Overview of Experiment

In today's lab, you analyze the PCR reactions for the colony screen and the fragment for assembly on an agarose gel. After confirming that you have product for amplification of the kanamycin resistance cassette, you clean-up the PCR product and perform isothermal assembly.

Agarose gel analysis of PCR products

  1. Prepare a mini 1% agarose gel with two 8-well combs (use ~40 ml molten agarose) as on Day 2 [pour one gel per pair]
  2. Preparation of PCR samples:
    a. Spot 2 µl 6X loading buffer (LB) on a piece of parafilm (one spot for each PCR sample)
    b. Using a sterile pipet tip, make a hole in the center of the paraffin wax overlay in the PCR tube; use a fresh tip for each tube
    c. Insert a fresh tip through the hole and remove 10 µl from the 1st PCR tube, mix it with one spot of 6X LB by pipetting up and down, and load the sample into the well
    d. Repeat procedure for each PCR reaction
  3. Load 10 µl NEB Quick-Load 1 kb DNA Ladder
  4. Run the gel at 130 V for 20 minutes
  5. Photograph the gel and compare the observed bands to the standards
    • Did you get the expected size products?
    • Estimate the PCR yield by comparing the intensity of ethidium bromide staining of the products to the standards
Expected products:

Purification of PCR Fragment for Assembly

After confirming that you have product, clean-up PCR reaction with a DNA Clean & Concentrator-5™ Kit (Zymo Research Corp., Orange, CA); elute DNA in 10 µl 10 mM Tris-HCl, pH 8.5, 0.1 mM EDTA.

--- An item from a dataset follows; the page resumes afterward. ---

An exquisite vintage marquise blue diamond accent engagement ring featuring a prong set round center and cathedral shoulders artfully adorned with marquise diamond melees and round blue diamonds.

Estimation of DNA Amounts by Intensity of Ethidium Bromide Fluorescence

If a DNA sample is too dilute to measure at 260 nm or is contaminated with other compounds that absorb in the UV range, the amount of DNA present can be estimated from the intensity of ethidium bromide fluorescence. Since the amount of DNA in a solution is proportional to the fluorescence emitted by ethidium bromide, the DNA quantity in an "unknown" solution can be estimated by comparing its level of fluorescence with the intensity of known amounts of DNA.

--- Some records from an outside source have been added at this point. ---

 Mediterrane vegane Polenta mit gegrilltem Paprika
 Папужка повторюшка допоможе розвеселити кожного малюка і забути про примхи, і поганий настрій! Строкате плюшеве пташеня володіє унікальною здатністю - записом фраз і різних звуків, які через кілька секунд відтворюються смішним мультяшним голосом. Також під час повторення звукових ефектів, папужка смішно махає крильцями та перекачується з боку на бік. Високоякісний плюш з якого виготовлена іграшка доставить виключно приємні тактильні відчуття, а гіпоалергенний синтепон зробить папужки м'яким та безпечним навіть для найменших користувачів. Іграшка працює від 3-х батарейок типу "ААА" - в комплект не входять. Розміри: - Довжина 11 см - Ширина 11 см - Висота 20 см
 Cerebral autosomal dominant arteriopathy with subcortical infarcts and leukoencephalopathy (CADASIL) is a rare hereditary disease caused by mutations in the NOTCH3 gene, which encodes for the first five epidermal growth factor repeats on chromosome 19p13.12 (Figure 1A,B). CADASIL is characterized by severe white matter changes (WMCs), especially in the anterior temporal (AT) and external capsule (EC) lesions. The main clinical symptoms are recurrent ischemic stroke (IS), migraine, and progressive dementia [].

You need to estimate concentration of the purified and concentrated PCR fragment and prepared vector for isothermal assembly.  Compare the intensity of the "unknown" DNA (e.g., 2X as bright) to a band in the 1 kb ladder to estimate the DNA concentration of your sample (ng of DNA for each size standard are given in the Table on the manufacturer's insert).
  1. Preparation of samples:
    a. Put 2 µl of each DNA sample in a tube
    b. Add 8 µl NF-water
    c. Add 2 µl 6X LB
  2. Run an agarose gel comparing your "unknown" to a 1 kb ladder
  3. Photograph the gel
  4. Compare the relative intensity of staining of the unknown with a band in the 1 kb ladder
  5. Estimate the DNA concentration of your original sample (you need to consider the initial volume that contained the DNA; the volume loaded onto the gel is not critical to your calculation of concentration)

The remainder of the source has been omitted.